_Work instructions_. Please reproduce the data exactly, excluding any pictures it contains.

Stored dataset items
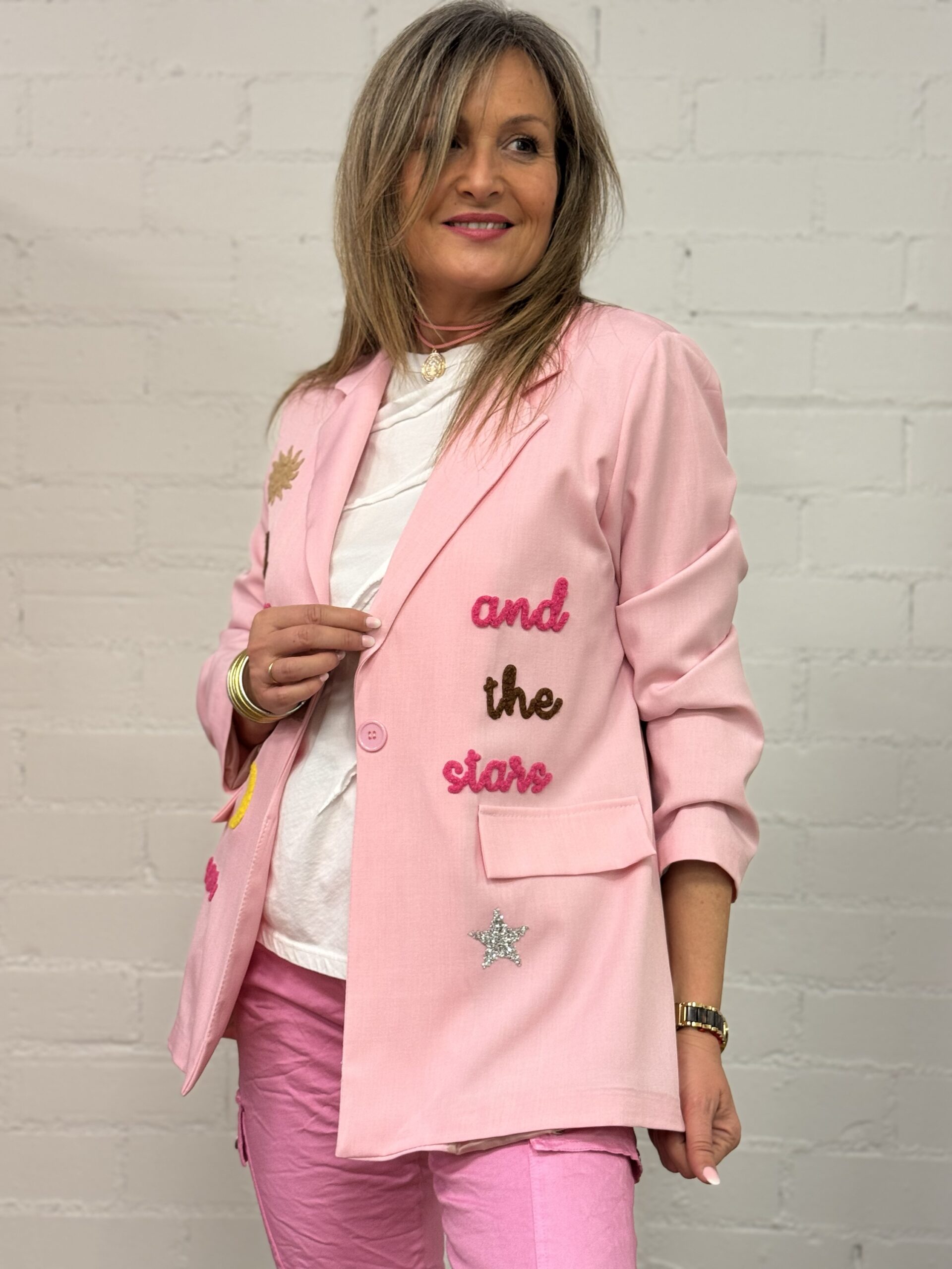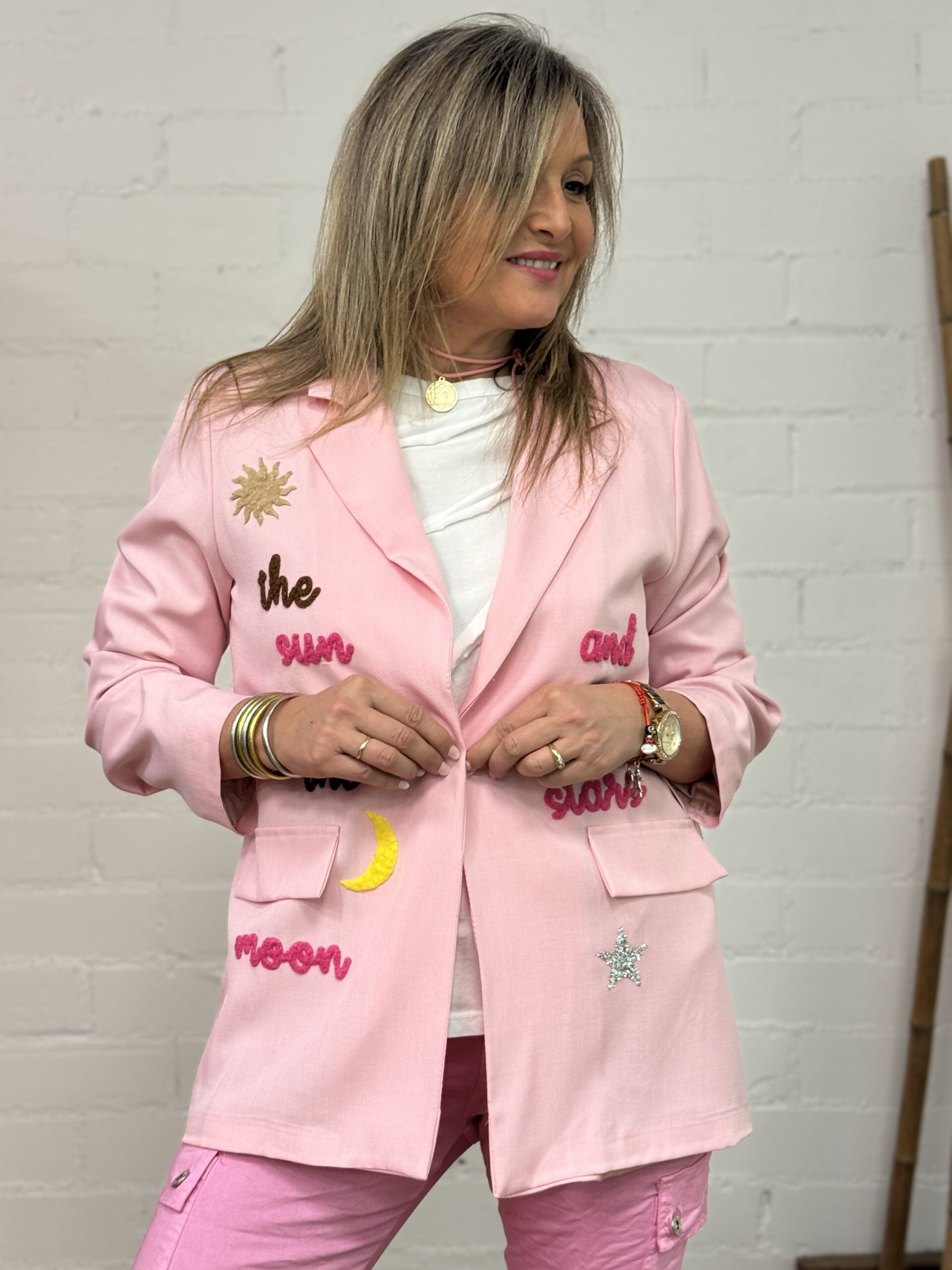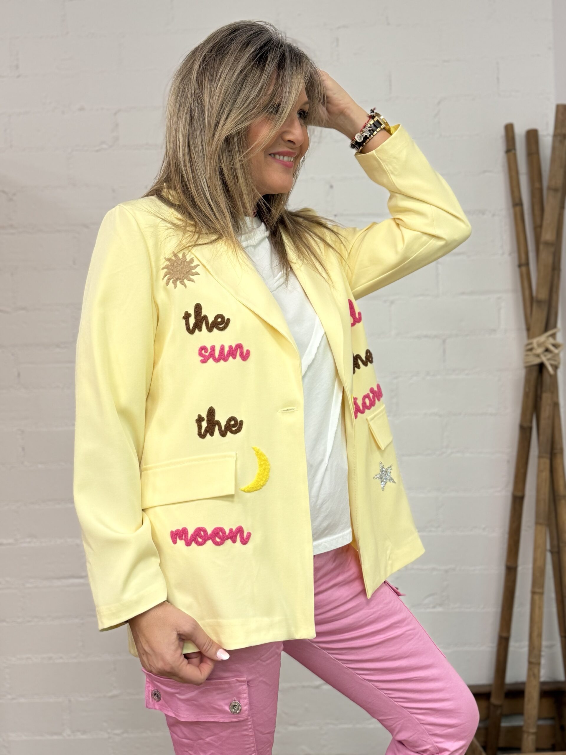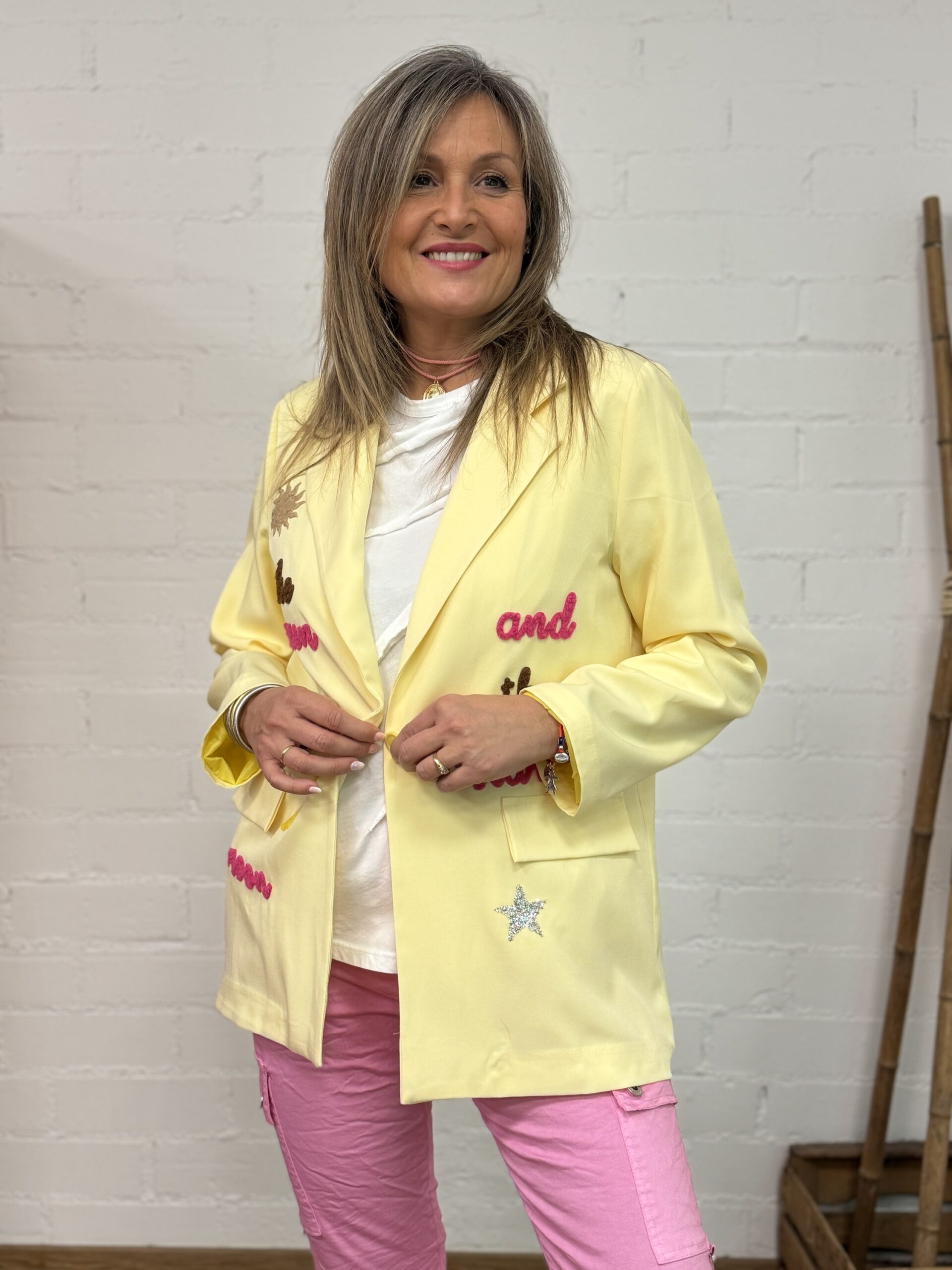 Esta blazer es la prenda perfecta para aportar un toque especial y luminoso a tus looks de temporada. Con manga larga y forro interior, ofrece una estructura cómoda y cuidada, ideal para el día a día o para ocasiones más especiales.
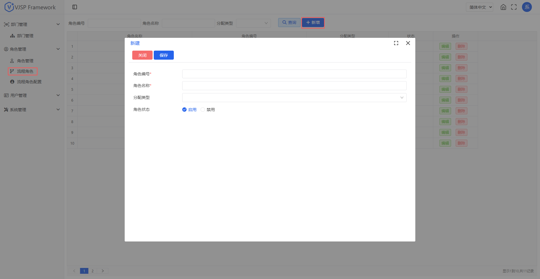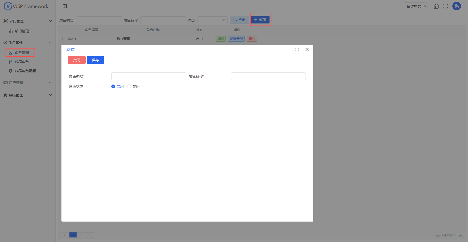 进入【角色管理 - 角色管理】页面,点击【新增】按钮,输入角色编号,名称并选择状态。
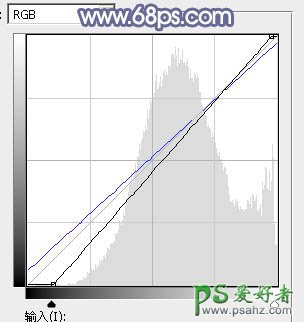 6、创建曲线调整图层,对RGB及蓝色通道进行调整,参数及效果如下图。这一步增加图片明暗对比,同时给图片增加蓝色。
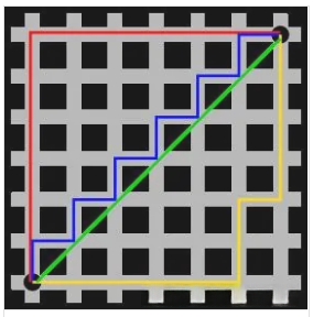 图中红线代表曼哈顿距离,绿色代表欧氏距离,也就是直线距离,而蓝色和黄色代表等价的
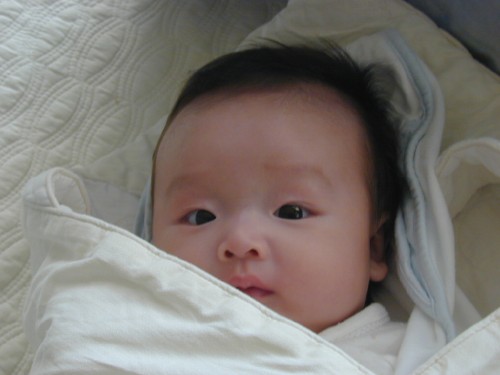이 사진은 10월 29일에 찍은 사진. 병원에 예방접종 하러 가기 전에 겉싸개로 싸놓은 상태로 찍은 사진입니다. ‘가현뻔데기’ 사진이라고 불리죠.
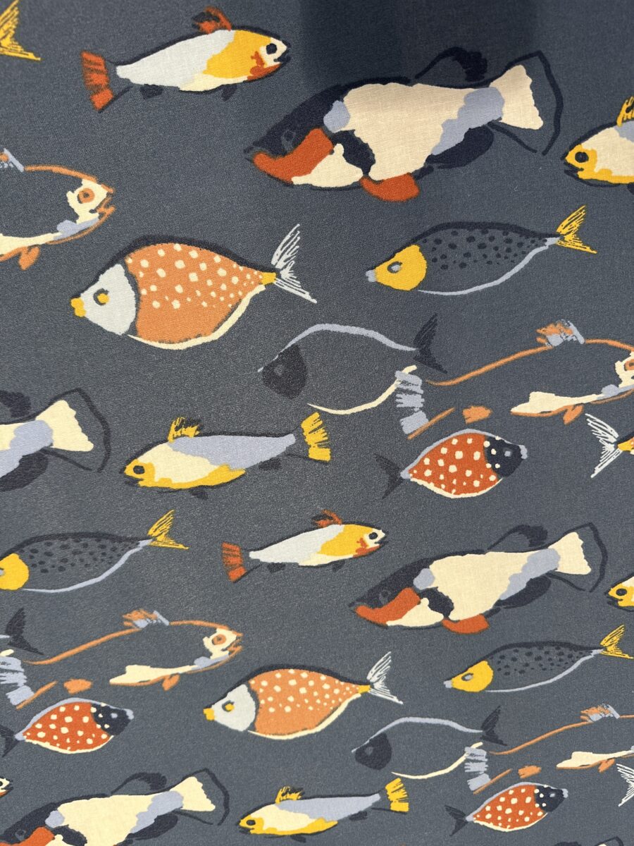 Il fondo blu profondo crea una base intensa e contemporanea. Su questa superficie si muovono pesci stilizzati dai colori vivaci. Arancio caldo, giallo luminoso, grigi morbidi e dettagli grafici punteggiati costruiscono ritmo e movimento. Il disegno richiama il mondo marino, ma con un tratto moderno e decorativo. Per questo il tessuto risulta dinamico e deciso.

_Solution to the problem_.
 Esta blazer es la prenda perfecta para aportar un toque especial y luminoso a tus looks de temporada. Con manga larga y forro interior, ofrece una estructura cómoda y cuidada, ideal para el día a día o para ocasiones más especiales.
 进入【角色管理 - 角色管理】页面,点击【新增】按钮,输入角色编号,名称并选择状态。
 6、创建曲线调整图层,对RGB及蓝色通道进行调整,参数及效果如下图。这一步增加图片明暗对比,同时给图片增加蓝色。
 图中红线代表曼哈顿距离,绿色代表欧氏距离,也就是直线距离,而蓝色和黄色代表等价的
이 사진은 10월 29일에 찍은 사진. 병원에 예방접종 하러 가기 전에 겉싸개로 싸놓은 상태로 찍은 사진입니다. ‘가현뻔데기’ 사진이라고 불리죠.
 Il fondo blu profondo crea una base intensa e contemporanea. Su questa superficie si muovono pesci stilizzati dai colori vivaci. Arancio caldo, giallo luminoso, grigi morbidi e dettagli grafici punteggiati costruiscono ritmo e movimento. Il disegno richiama il mondo marino, ma con un tratto moderno e decorativo. Per questo il tessuto risulta dinamico e deciso.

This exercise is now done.